Alexander Michaelis

Prof. Alexander Michaelis studied physics at the University of Düsseldorf where he earned his Ph-D and state doctorate (habil) in materials science. In 1995 he became faculty member at the University of North Carolina at Chapel Hill, USA. In 1996 he switched to Siemens AG working as senior process integration engineer in the field of microelectronics in East Fishkill, New York. In 2000, he started to work for the corporate research department of Bayer AG in Leverkusen and the Bayer subsidiary H.C. Starck GmbH heading the New Business Development department. Since 2004, Prof. Michaelis is president of Fraunhofer IKTS with more than 800 employees and a yearly budget of over 76 Mio €. Additionally, he is full professor for Ceramics at TU Dresden. He filed 42 patent families and published more than 400 papers in peer reviewed journals and books. He received numerous awards. In 2009 he was elected as academician of “World Academy of Ceramics WAC”. In 2012 he received the ACerS Bridge Building Award for his contribution in the field of energy and environmental technology. In 2014 he received the Fraunhofer Medal for outstanding achievements in the field of applied materials research. In 2015 he got the LEE HSUN Award on Materials Science of the Chinese Academy of Science. In 2016 he became Fellow of the American Ceramic Society (ACerS) due to his long commitment and outstanding contributions to applied research and development of advanced ceramics. In 2017 he was appointed Fellow of the European Ceramic Society (ECerS) and received the “Medal of Leadership” of ACERS for his outstanding contribution for the Advancement of Ceramics Technology. In 2019, he was elected as President of the German Ceramic Society (DKG e.V.) and the FDKG (Research organization of DKG).
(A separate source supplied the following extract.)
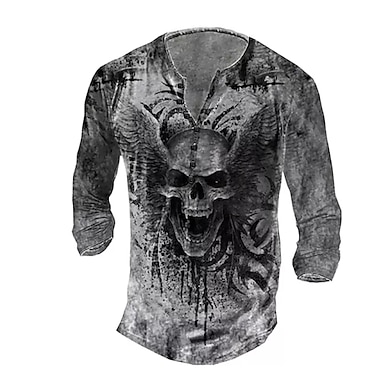 Herren T-Shirt T-Shirt Henley Shirt Tee Graphic Skull Henley Schwarz Weiß Blau Grün Grau 3D Druck Plus Größe Outdoor Täglich Langarm Button-Down Druck Kleidung Designer Stylish Vintage Basic

Advanced Ceramics for stationary storage and CCU (carbon capture and utilization) Technology

Advanced ceramic materials offer enormous potential for innovations in the fields of energy conversion and storage as well as decarbonization. To cope with the fluctuation of renewable power (PV and wind) batteries (short term storage for arbitrage) and electrolysis (long term “seasonal storage) for green hydrogen production is needed. We present NaNiCl solid state batteries as a Li-free and safe technology for short term storage and latest results on SOE (solid oxide electrolysis) for green hydrogen production.
Furthermore, SOE can be employed as a powerful technology for highly efficient CCU applications. For this, SOE is used in the co-electrolysis mode for the simultaneous production of H2 and CO, so called syngas. In the co-electrolysis mode, CO2 is actively removed from the environment and fed into the SOE system. By the Fischer Tropsch processes this syngas can be transferred to e-fuels (such as SAF: sustainable aviation fuel), higher alcohols, and even waxes. We present a fully integrated co-electrolysis Fischer Tropsch System combined with ceramic gas separation membranes for the extraction of CO2 from different sources such as exhaust gas from lime industry or biogas. We also present examples using SOE for combined CCU and CDA (carbon direct avoidance) applications in green steel production. Applying this technology, even allows to produce CO2 “negative” steel.